Work instruction
Which lines of the data hold the word "from"? Copy all of them.

Provided material
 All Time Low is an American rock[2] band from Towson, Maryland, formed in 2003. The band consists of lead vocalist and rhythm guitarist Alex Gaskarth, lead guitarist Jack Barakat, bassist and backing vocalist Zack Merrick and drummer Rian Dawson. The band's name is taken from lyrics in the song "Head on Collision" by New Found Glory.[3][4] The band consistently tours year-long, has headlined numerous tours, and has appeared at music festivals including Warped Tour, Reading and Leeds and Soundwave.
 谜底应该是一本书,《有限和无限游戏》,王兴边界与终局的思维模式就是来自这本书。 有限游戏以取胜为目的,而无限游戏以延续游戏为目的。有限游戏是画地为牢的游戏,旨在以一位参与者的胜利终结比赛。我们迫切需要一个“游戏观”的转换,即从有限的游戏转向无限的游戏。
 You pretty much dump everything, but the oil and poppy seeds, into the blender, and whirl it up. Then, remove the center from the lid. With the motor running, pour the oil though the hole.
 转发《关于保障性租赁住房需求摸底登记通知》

...

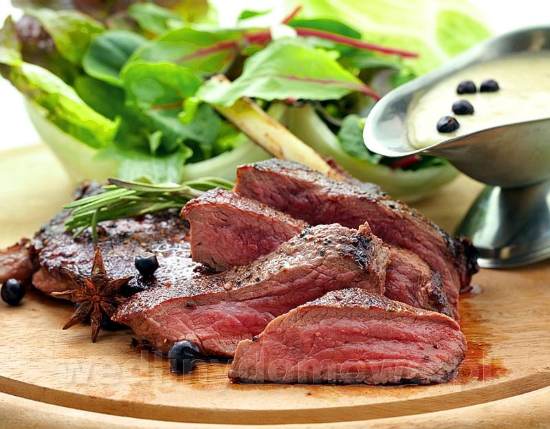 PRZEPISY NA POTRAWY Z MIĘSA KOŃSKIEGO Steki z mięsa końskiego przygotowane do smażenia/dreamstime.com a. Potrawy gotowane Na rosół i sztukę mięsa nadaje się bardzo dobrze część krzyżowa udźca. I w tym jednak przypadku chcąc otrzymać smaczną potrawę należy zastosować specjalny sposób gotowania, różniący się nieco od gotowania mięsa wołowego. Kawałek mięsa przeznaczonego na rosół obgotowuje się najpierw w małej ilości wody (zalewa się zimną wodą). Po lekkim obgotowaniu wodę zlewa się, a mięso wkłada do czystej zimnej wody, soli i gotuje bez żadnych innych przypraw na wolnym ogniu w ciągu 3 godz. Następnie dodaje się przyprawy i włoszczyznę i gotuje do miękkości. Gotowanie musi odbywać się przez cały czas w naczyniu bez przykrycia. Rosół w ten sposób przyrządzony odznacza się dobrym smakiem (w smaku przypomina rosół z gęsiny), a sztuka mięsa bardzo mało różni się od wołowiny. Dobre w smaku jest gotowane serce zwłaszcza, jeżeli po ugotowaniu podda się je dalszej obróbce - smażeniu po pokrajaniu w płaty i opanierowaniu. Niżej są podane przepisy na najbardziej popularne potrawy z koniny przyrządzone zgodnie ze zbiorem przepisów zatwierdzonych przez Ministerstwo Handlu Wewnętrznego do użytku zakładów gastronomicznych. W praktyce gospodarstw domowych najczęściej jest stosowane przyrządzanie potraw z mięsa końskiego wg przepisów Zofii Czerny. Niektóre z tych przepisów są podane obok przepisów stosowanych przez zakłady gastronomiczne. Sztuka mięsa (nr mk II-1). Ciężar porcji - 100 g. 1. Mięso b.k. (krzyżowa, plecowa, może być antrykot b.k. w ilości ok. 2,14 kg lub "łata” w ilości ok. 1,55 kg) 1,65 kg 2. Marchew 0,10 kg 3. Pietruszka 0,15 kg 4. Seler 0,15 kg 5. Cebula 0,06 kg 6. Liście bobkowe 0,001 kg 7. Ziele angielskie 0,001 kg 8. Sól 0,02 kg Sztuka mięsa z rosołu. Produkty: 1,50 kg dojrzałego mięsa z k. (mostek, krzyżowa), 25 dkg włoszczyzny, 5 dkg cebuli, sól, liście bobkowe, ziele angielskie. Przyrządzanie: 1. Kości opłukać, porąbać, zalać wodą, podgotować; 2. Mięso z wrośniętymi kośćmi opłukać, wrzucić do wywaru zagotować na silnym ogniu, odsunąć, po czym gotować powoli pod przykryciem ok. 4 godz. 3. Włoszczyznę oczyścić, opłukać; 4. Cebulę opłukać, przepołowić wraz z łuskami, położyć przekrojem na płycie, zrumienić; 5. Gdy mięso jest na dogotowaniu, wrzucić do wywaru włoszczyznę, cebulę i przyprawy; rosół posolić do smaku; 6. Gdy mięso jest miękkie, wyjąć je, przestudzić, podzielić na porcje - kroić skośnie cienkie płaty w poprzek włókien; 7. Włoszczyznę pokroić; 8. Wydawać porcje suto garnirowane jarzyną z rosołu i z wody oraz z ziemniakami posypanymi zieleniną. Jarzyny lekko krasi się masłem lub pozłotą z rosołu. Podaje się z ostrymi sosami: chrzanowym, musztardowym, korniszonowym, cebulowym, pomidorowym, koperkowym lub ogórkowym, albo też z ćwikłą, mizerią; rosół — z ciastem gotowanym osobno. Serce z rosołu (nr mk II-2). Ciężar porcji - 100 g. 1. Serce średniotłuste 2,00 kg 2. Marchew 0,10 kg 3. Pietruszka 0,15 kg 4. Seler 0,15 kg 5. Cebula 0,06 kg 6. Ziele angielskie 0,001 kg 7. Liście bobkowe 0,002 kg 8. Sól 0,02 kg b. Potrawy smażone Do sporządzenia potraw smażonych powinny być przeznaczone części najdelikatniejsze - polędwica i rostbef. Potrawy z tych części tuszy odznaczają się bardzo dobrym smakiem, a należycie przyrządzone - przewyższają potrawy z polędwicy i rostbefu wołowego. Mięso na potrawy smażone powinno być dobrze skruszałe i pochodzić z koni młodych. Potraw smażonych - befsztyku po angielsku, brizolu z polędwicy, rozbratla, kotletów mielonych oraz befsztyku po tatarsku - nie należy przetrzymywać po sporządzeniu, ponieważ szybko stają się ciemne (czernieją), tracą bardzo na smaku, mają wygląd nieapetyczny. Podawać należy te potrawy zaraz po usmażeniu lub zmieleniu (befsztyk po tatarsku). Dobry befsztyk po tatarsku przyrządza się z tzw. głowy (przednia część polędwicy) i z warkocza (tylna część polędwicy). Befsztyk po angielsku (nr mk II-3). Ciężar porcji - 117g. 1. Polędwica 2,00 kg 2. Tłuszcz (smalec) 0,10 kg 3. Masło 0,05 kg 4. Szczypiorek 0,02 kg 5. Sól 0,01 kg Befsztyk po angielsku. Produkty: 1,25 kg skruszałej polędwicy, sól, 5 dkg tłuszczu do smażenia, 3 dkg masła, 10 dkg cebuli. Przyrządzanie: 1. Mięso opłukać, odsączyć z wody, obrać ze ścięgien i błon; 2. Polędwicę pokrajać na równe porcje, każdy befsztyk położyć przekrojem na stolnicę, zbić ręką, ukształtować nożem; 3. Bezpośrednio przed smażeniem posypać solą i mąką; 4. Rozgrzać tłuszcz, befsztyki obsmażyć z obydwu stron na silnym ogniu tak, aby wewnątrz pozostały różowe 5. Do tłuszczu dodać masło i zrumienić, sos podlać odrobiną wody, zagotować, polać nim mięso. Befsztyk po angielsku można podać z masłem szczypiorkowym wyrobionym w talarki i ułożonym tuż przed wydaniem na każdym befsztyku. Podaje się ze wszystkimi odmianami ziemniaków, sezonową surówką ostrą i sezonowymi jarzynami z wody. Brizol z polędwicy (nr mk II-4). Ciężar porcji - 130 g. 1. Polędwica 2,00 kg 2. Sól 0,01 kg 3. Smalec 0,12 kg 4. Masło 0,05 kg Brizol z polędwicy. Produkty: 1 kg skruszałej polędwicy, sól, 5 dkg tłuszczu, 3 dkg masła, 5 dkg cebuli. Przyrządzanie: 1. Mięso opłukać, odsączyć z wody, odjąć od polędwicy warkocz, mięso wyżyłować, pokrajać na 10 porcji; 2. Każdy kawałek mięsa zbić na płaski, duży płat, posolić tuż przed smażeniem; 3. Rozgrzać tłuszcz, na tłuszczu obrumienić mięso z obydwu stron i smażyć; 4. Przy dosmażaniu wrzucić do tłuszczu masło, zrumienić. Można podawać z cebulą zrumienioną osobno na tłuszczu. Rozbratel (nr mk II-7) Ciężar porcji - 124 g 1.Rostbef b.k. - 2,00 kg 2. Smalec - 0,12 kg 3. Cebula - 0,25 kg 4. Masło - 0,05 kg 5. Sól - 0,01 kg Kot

Result of the task
 All Time Low is an American rock[2] band from Towson, Maryland, formed in 2003. The band consists of lead vocalist and rhythm guitarist Alex Gaskarth, lead guitarist Jack Barakat, bassist and backing vocalist Zack Merrick and drummer Rian Dawson. The band's name is taken from lyrics in the song "Head on Collision" by New Found Glory.[3][4] The band consistently tours year-long, has headlined numerous tours, and has appeared at music festivals including Warped Tour, Reading and Leeds and Soundwave.
 You pretty much dump everything, but the oil and poppy seeds, into the blender, and whirl it up. Then, remove the center from the lid. With the motor running, pour the oil though the hole.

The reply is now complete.